- **Source material**
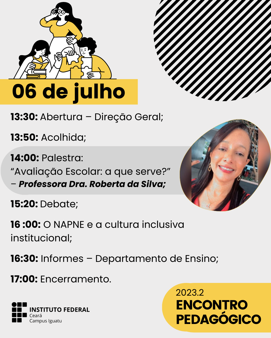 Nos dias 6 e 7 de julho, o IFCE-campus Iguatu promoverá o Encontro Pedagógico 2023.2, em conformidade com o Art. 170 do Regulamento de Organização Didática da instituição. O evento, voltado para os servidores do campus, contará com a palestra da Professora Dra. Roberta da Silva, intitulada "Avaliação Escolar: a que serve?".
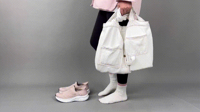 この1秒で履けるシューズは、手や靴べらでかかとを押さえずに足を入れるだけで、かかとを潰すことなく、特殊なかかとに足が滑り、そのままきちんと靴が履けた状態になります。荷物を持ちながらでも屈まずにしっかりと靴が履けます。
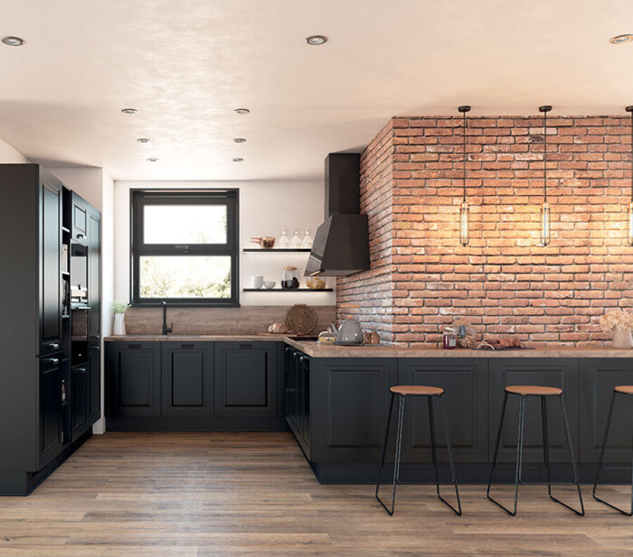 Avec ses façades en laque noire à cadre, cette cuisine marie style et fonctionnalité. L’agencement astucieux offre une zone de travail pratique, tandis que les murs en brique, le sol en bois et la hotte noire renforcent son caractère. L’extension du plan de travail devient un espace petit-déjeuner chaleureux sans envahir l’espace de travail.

- **About this exercise**
From the first line to the last, write out the data exactly, dropping any pictures.

- **Exercise response**
 Nos dias 6 e 7 de julho, o IFCE-campus Iguatu promoverá o Encontro Pedagógico 2023.2, em conformidade com o Art. 170 do Regulamento de Organização Didática da instituição. O evento, voltado para os servidores do campus, contará com a palestra da Professora Dra. Roberta da Silva, intitulada "Avaliação Escolar: a que serve?".
 この1秒で履けるシューズは、手や靴べらでかかとを押さえずに足を入れるだけで、かかとを潰すことなく、特殊なかかとに足が滑り、そのままきちんと靴が履けた状態になります。荷物を持ちながらでも屈まずにしっかりと靴が履けます。
 Avec ses façades en laque noire à cadre, cette cuisine marie style et fonctionnalité. L’agencement astucieux offre une zone de travail pratique, tandis que les murs en brique, le sol en bois et la hotte noire renforcent son caractère. L’extension du plan de travail devient un espace petit-déjeuner chaleureux sans envahir l’espace de travail.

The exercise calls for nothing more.